# New Sig 10mm



## glenway (Mar 27, 2011)

SIG SAUER Expands LEGION Series with the Introduction of P220 LEGION 10mm SAO

NEWINGTON, N.H. - SIG SAUER, Inc. is pleased to announce the expansion of the LEGION series of pistols with the SIG SAUER P220 LEGION 10mm SAO.

"The P220 was the pistol that started it all for modern day SIG, and the introduction of the P220 LEGION 10mm SAO brings new features to a SIG classic," said Tom Taylor, Chief Marketing Officer and Executive Vice President, Commercial Sales. "This is a single action only pistol giving it a lighter trigger pull, combined with the increased energy of the 10mm round, for more power and performance. On top of that, we've added the exclusive SIG SAUER LEGION series features and enhancements, which really takes it to the next level, putting a modern twist on this SIG classic."
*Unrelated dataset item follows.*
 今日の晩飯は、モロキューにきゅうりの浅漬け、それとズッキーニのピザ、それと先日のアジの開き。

The SIG SAUER P220 LEGION 10mm SAO is a full-size, hammer fired pistol, featuring a Legion Gray stainless steel slide and frame, with X-RAY3 Day/Night Sights, and an ambidextrous manual safety. LEGION enhancements include a solid steel guide rod, enhanced checkering on the front strap and under the trigger guard, front cocking serrations for easy slide operations, black G-10 checkered grips with LEGION medallion inset on the grips, LEGION Chevron engraved on the slide, and includes three (3) 8-round magazines.
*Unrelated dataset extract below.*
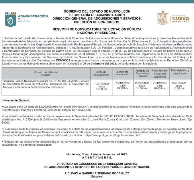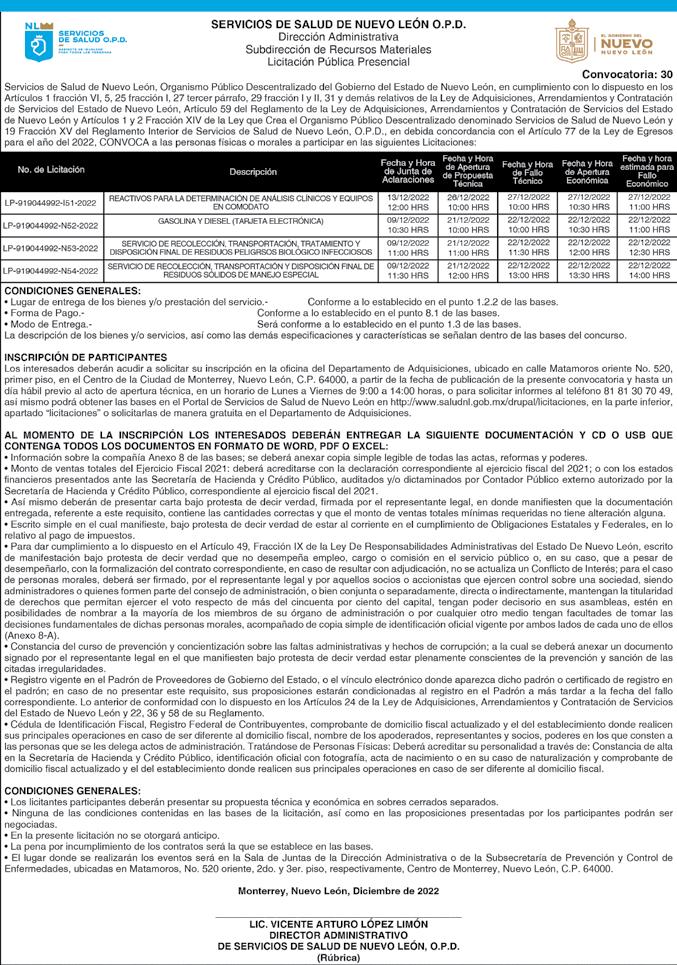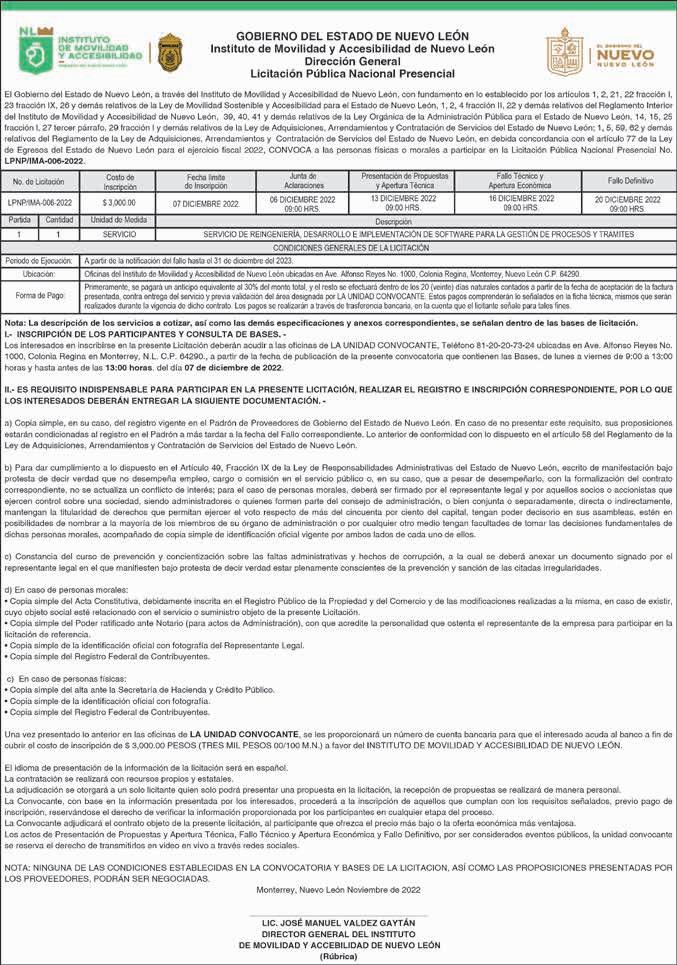 En el Juzgado Quinto de lo Civil del Primer Distrito Judicial en el Estado, dentro de los autos del expediente judicial número 1132/2016, relativo al juicio ordinario civil, promovido por Instituto del Fondo Nacional de la Vivienda para los Trabajadores –INFONAVIT-, por conducto de su representante legal, en contra de José Juan Córdova Cardona y Mónica Abril Flores Valencia, por auto dictado el 7 siete de octubre de 2022 dos mil veintidós se ordenó sacar a la venta en pública subasta y primera almoneda, el siguiente bien inmueble objeto de la garantía hipotecaria señalada en el contrato base de la acción, consistente en: Lote de terreno marcado con el número 33 treinta y tres de la manzana 205 doscientos cinco del Fraccionamiento Colinas del Aeropuerto, Segunda Etapa, ubicado en el Municipio de Pesquería, Nuevo León, el cual tiene una superficie de 90.00 M2 noventa metros cuadrados, con las siguientes medidas y colindancias: al ESTE, mide 6.00 seis metros y colinda con lote 20 veinte, al OESTE mide 6.00 seis metros y da frente a la calle San Pedro; al SUR, mide 15.00 quince metros y colinda con el lote 32 treinta y dos, al NORTE, mide 15.00 quince metros y colinda con lote 34 treinta y cuatro. La manzana se encuentra circundada por las siguientes calles: al ESTE, con Santa Catarina; al OESTE, San Pedro, al SUR, Galeana y al NORTE, con Escobedo. Dicho inmueble tiene como mejoras la finca marcada con el número 1939 (mil novecientos treinta y nueve), de la calle San Pedro, del citado fraccionamiento, ubicado en el municipio de Pesquería, Nuevo León. Dicho inmueble se encuentra inscrito bajo los siguientes datos: número 4609, volumen 75, libro 185, sección Propiedad, unidad Pesquería, del 2 dos de septiembre de 2009 dos mil nueve. Sirviendo como Postura Legal la cantidad de $208,666.66 (doscientos ocho mil seiscientos sesenta y seis pesos 66/100 moneda nacional) que corresponde a las dos terceras partes del avalúo rendido por el perito de la parte actora, el cual asciende a la cantidad de $313,000.00 (trescientos trece mil pesos 00/100 moneda nacional). Venta que deberá anunciarse 2 dos veces una cada tres días, fijándose edictos en la tabla de avisos de este juzgado, y tomando en consideración que el valor del citado inmueble pasa de las cincuenta cuotas, con la finalidad de dar cumplimiento a lo ordenado en el artículo 468 del ordenamiento procesal en consulta, publíquense edictos en el Boletín Judicial del Estado, y en un periódico de los de mayor circulación que se edita en la ciudad como lo son el Porvenir, Milenio Diario, el Norte o Periódico ABC. Al efecto, esta autoridad tiene a bien autorizar el desahogo de la audiencia de remate en comento, mediante audiencia a distancia, con la comparecencia personal de las partes y postores que deseen comparecer a través de videoconferencia, señalándose para ello las 12:00 doce horas del 9 nueve de diciembre de 2022 dos mil veintidós, habilitándose el uso de las herramientas tecnológicas necesarias para tal fin, ello en términos de lo previsto en los artículos 3, 4, 5, 6, 7, 8 y 10 del Acuerdo General Conjunto 8/2020-II y demás relativos, en relación con el acuerdo 13/2020-II, así como del ordinal 468 del Código de Procedimientos Civiles del Estado de Nuevo León. Asimismo, es importante hacer del conocimiento de las partes y postores, que para intervenir en la audiencia de remate señalada a través de videoconferencia, deberán contar con un dispositivo electrónico que permita la trasmisión de audio y video vía internet. Asimismo, las partes deberán proporcionar a la secretaría del juzgado a mi cargo, una dirección de correo electrónico para crear el enlace respectivo. Esto último se deberá realizar con por lo menos 3 tres días antes de la celebración de la audiencia a través de esta vía. En caso de que alguna de las partes o postores no cuente con lo anterior, tiene la opción de comparecer, junto a su abogado, vía remota en la sala de audiencias de este juzgado, en donde se les proporcionará un equipo de cómputo para llevar la conexión con la otra parte y personal del juzgado que llevará a cabo la audiencia a distancia. Lugar ubicado en la calle Matamoros número 347, esquina con Pino Suárez, en la zona centro de Monterrey, Nuevo León; en donde se garantizará que se cumplan estrictamente las medidas y recomendaciones del sector salud relacionadas con el virus SARS-CoV2 (COVID-19); y se contará, además, con filtros sanitarios con toma de temperatura corporal y aplicación de gel antibacterial al ingreso, sanitización del lugar, cuidado de la sana distancia de uno punto cinco metros y uso de cubre bocas obligatorio. En el supuesto de que alguna de las partes o postores no cuente con el equipo tecnológico necesario para llevar a cabo la audiencia vía videoconferencia, deberá informarlo ante esta autoridad bajo protesta de decir la verdad, cuando menos 3 tres días hábiles previos a la fecha programada para el desahogo de la audiencia, para efecto de que se le proporcionarle el equipo necesario para llevarla a cabo, bajo el apercibiendo de que una vez transcurrido dicho plazo y no haber hecho manifestación alguna, quedaran obligados a incorporarse a la audiencia a distancia programada desde una sede virtual con sus propios medios, lo anterior en términos del artículo 8 del Acuerdo General Conjunto 10/2020-II y 13/2020-II, de los Plenos del Tribunal Superior de Justicia y del Consejo de la Judicatura de la Judicatura del Estado. En la inteligencia, de que se recomienda a los postores por cuestiones de logística dada la situación que vivimos, que preferentemente cualquier documento que deseen o deban presentar en relación a la audiencia (tales como documento con el que justifiquen su personalidad, certificados de depósito o cualquiera otra constancia adecuada al caso en particular), sean allegados físicamente con 3 tres días de anticipación a la celebración de la fec

P220 LEGION 10mm SAO Specs:

Overall Length: 8.8in.

Overall Height: 5.5in.

Overall Width: 1.5in.

Barrel Length: 5in.

Sight Radius: 7in.

Weight (incl. magazine): 44oz.

By registering a SIG SAUER LEGION Series pistol owners become a part of the SIG SAUER LEGION. This includes members-only access to free gear and premium merchandise, in addition to exclusive LEGION Member only communications and events. To learn more about the SIG SAUER LEGION visit sigsauer.com.
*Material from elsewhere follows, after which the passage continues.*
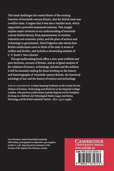 A challenge to the central theme of the existing histories of twentieth-century Britain, that the British state was a welfare state, this book argues that it was also a warfare state, which supported a powerful armaments industry. This insight implies major revisions to our understanding of twentieth-century British history, from appeasement, to wartime industrial and economic policy, and the place of science and technology in government. David Edgerton also shows how British intellectuals came to think of the state in terms of welfare and decline, and includes a devastating analysis of C. P. Snow's two cultures. This groundbreaking book offers a new, post-welfarist and post-declinist, account of Britain, and an original analysis of the relations of science, technology, industry and the military. It will be essential reading for those working on the history and historiography of twentieth-century Britain, the historical sociology of war and the history of science and technology.

The SIG SAUER P220 LEGION 10mm SAO is currently shipping and available for purchase at retailers nationwide. Complete product specs and information for the P220 LEGION 10mm SAO are available at sigsauer.com.


----------



## hassell (Feb 9, 2010)

A beast.


----------



## youngdon (Mar 10, 2010)

Yeah it is, but it’s a Sig and I’d bet it functions flawlessly.


----------